Articles

Pervasiveness of HLA allele-specific expression loss across tumor types

Filip, Ioan; Wang, Anqi; Kravets, Oleksandr; Orenbuch, Rose; Zhao, Junfei; Perea-Chamblee, Tomin E.; Manji, Gulam A.; López de Maturana, Evangelina; Malats, Núria; Olive, Kenneth P.; Rabadan, Raul

Background
Efficient presentation of mutant peptide fragments by the human leukocyte antigen class I (HLA-I) genes is necessary for immune-mediated killing of cancer cells. According to recent reports, patient HLA-I genotypes can impact the efficacy of cancer immunotherapy, and the somatic loss of HLA-I heterozygosity has been established as a factor in immune evasion. While global deregulated expression of HLA-I has also been reported in different tumor types, the role of HLA-I allele-specific expression loss — that is, the preferential RNA expression loss of specific HLA-I alleles — has not been fully characterized in cancer.
Methods
Here, we use RNA and whole-exome sequencing data to quantify HLA-I allele-specific expression (ASE) in cancer using our novel method arcasHLA-quant.
Results
We show that HLA-I ASE loss in at least one of the three HLA-I genes is a pervasive phenomenon across TCGA tumor types.
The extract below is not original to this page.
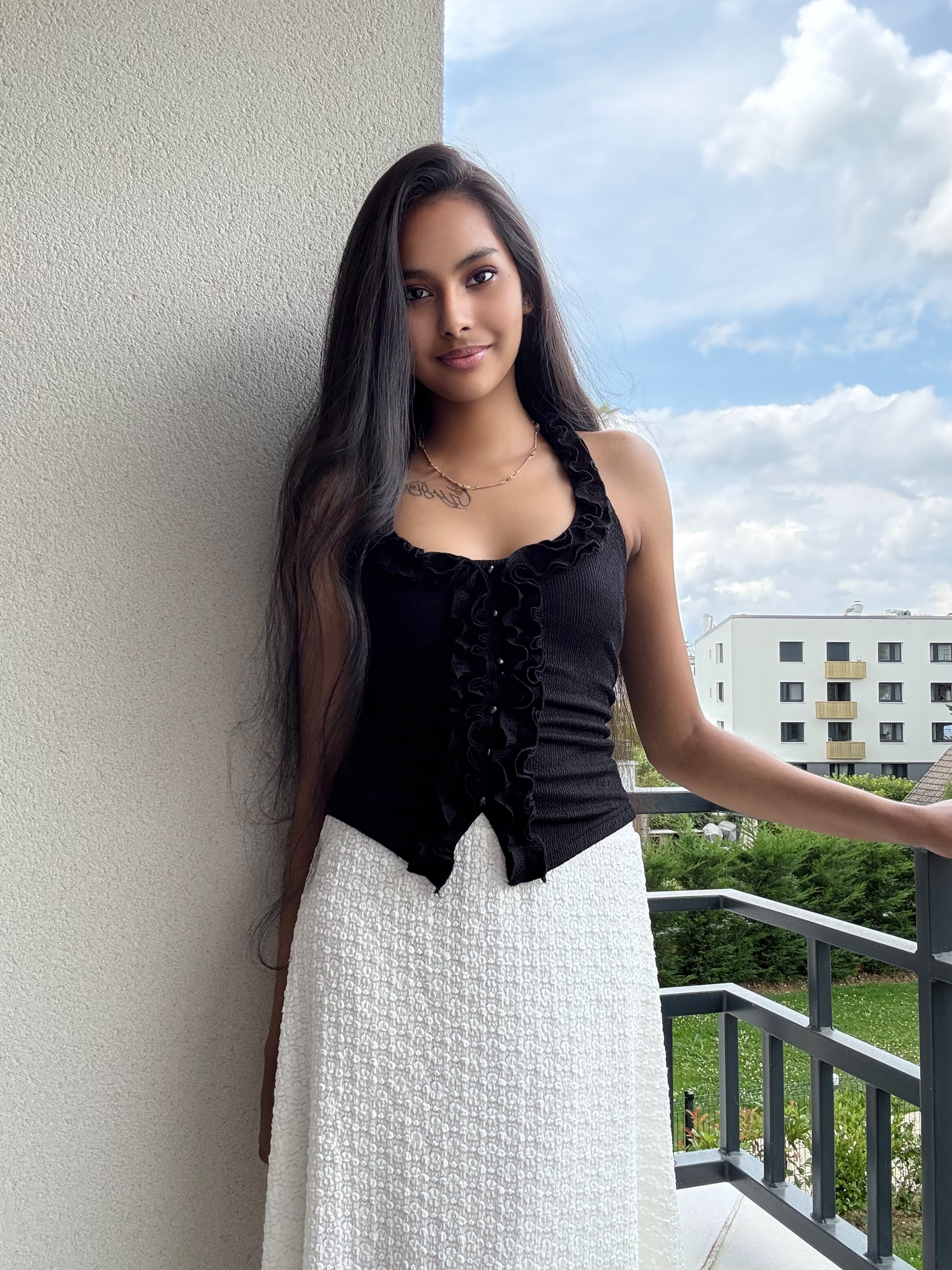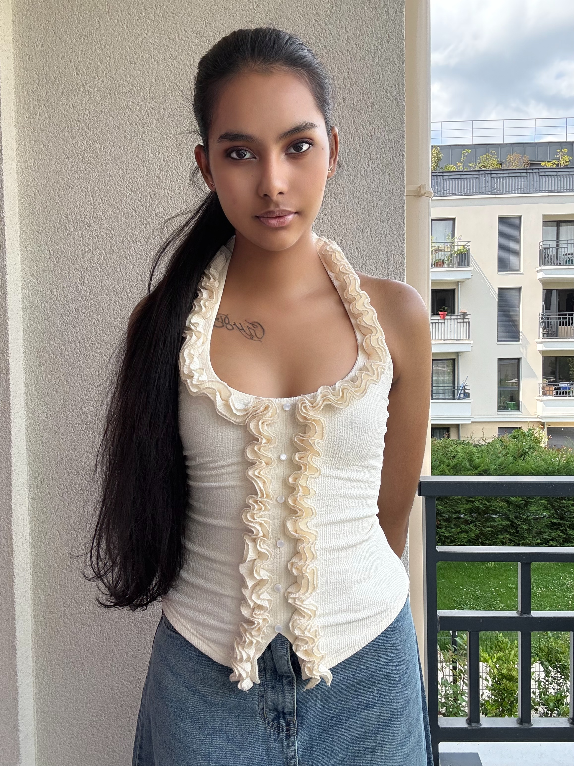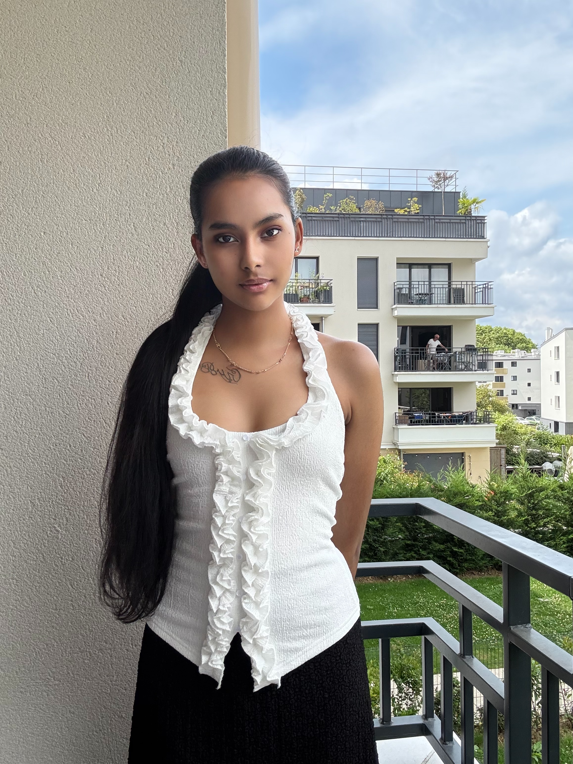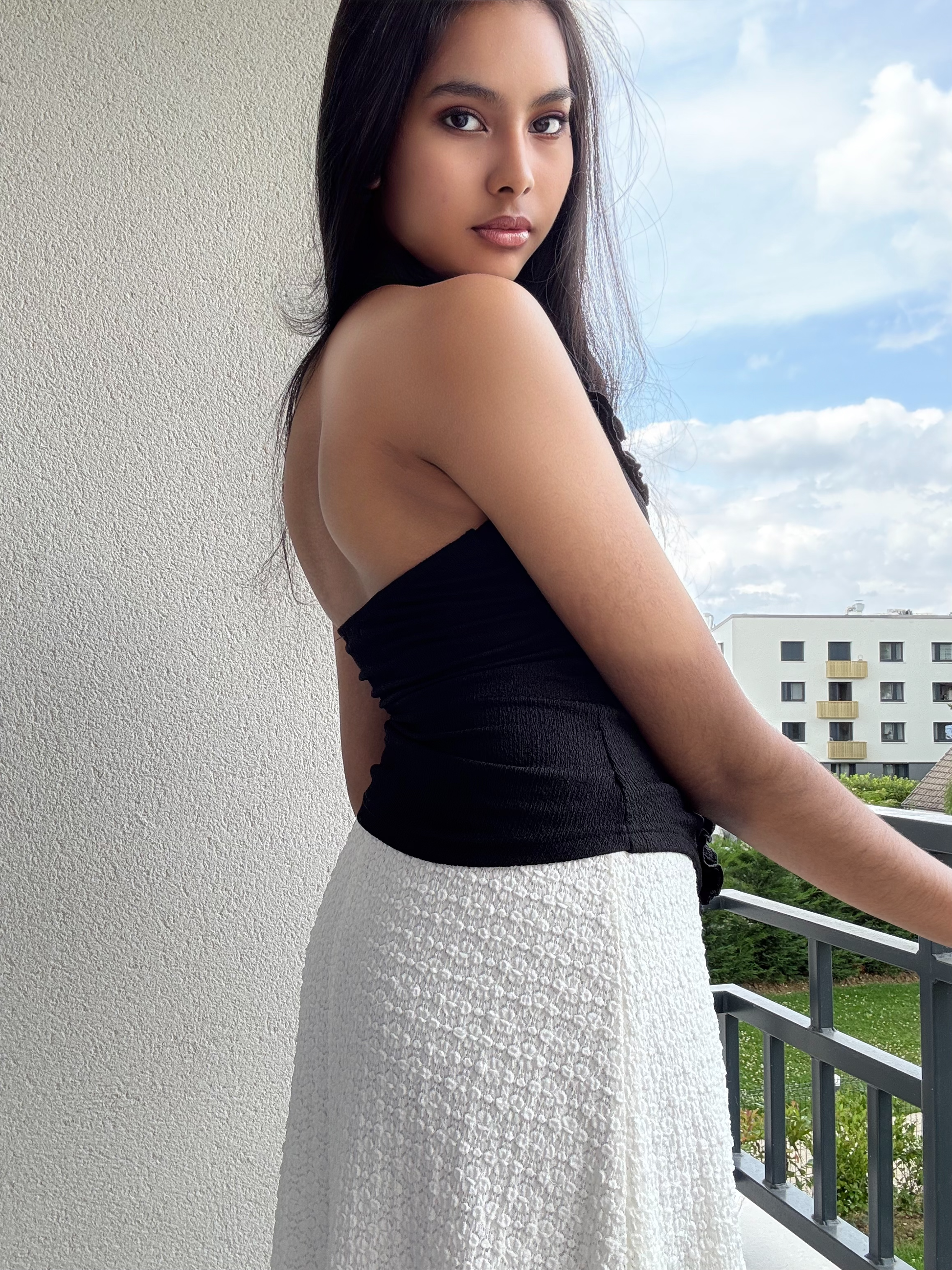 Natacha mesure 1m70 et porte une taille unique. Peut convenir du XS au M.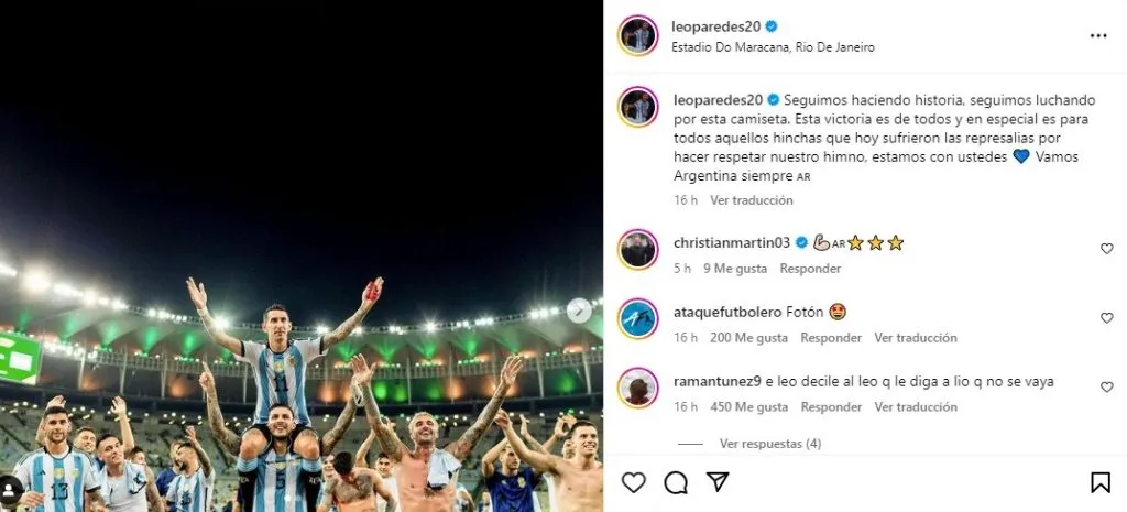 Además, concretado el triunfo, el jugador campeón del mundo dejó un mensaje en sus redes sociales: “Seguimos haciendo historia, seguimos luchando por esta camiseta. Esta victoria es de todos y en especial es para todos aquellos hinchas que hoy sufrieron las represalias por hacer respetar nuestro himno, estamos con ustedes. Vamos Argentina siempre”.

In pancreatic adenocarcinoma, tumor-specific HLA-I ASE loss is associated with decreased overall survival specifically in the basal-like subtype, a finding that we validated in an independent cohort through laser-capture microdissection. Additionally, we show that HLA-I ASE loss is associated with poor immunotherapy outcomes in metastatic melanoma through retrospective analyses.
Conclusions
Together, our results highlight the prevalence of HLA-I ASE loss and provide initial evidence of its clinical significance in cancer prognosis and immunotherapy treatment.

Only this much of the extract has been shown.